A Zarzis nel sud della Tunisia questo ex impiegato delle poste ha inventato uno luogo straordinario: il "Museo della memoria del mare e dell’uomo”, dolce da anni raccoglie tutti gli oggetti che il mare gli restituisce appartenuti a chi non ce l'ha fatta a raggiungere l'altra sponda del Mediterraneo, i "Mamadou"

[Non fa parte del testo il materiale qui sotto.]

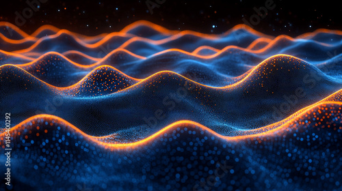 Abstract 3D space with interconnected polygons and floating dots forming wave patterns, symbolizing order emerging from chaos, the infinite web of connections, and modern technological networks

Non sono molti i chilometri che separano Zarzis, nel sud della Tunisia, da Lampedusa. Cittadina sul mare, meta nei mesi estivi di turisti europei, nota anche per essere tra i luoghi di partenza degli harraga, i migranti che da qui si imbarcano raggiungendo illegalmente il Belpaese (harraga è la parola in dialetto marocchino ed algerino che si usa per definire coloro che viaggiano senza documenti; viene dalla radice della parola araba haraqa, che significa bruciare. Si dice “ho bruciato la frontiera” per indicare chi rischia tutto pur di migrare, ndr). A volte arrivano a destinazione, mentre altre il mare riporta a riva i loro corpi senza vita. Lo sa bene Mohsen Lihidheb, 66 anni, ora pensionato, ex impiegato delle poste tunisine: era il 1995 quando trovò il primo “Mamadou” sulla spiaggia, partito dalla Libia in cerca di una vita migliore. Mamadou è lo pseudonimo che ha dato a tutti i migranti senza vita in cui si è imbattuto in questi anni, un nome molto comune. Migranti senza identità, sconosciuti, le cui spoglie vengono seppellite proprio nel cosiddetto “Cimitero degli sconosciuti”. Solo un numero li definisce, accompagnato dal luogo del ritrovamento. Spesso è stato lo stesso Lihidheb a dar loro una degna sepoltura – ai corpi o parti di essi -, assieme a Chamseddine Marzoug e ad altri pescatori del luogo. Poi nei mesi successivi il mare cominciò a riportare anche i loro oggetti personali: scarpe, vestiti, borse, bambole. Oggetti che Lihidheb ha raccolto – assieme a rifiuti umani come bottiglie, boe, plastica fusa, ancore, pacchetti di sigarette – dando vita, presso la sua abitazione, al “Museo della memoria del mare e dell’uomo”. Un’azione che voleva essere solo ecologica è diventata così un modo per rendere giustizia nel proprio piccolo a chi cercava un futuro migliore e invece ha trovato solo la morte. Difficile descrivere in poche parole quest’uomo: si definisce un eco artista, una persona comune che ha deciso di agire e non restare solo a guardare ciò che succedeva attorno a lui; soprannominandosi Boughmiga, l’uomo semplice, saggio. Ci accoglie con un sorriso, in testa un cappello di paglia, elemento distintivo nel sud della Tunisia quando le temperature si innalzano.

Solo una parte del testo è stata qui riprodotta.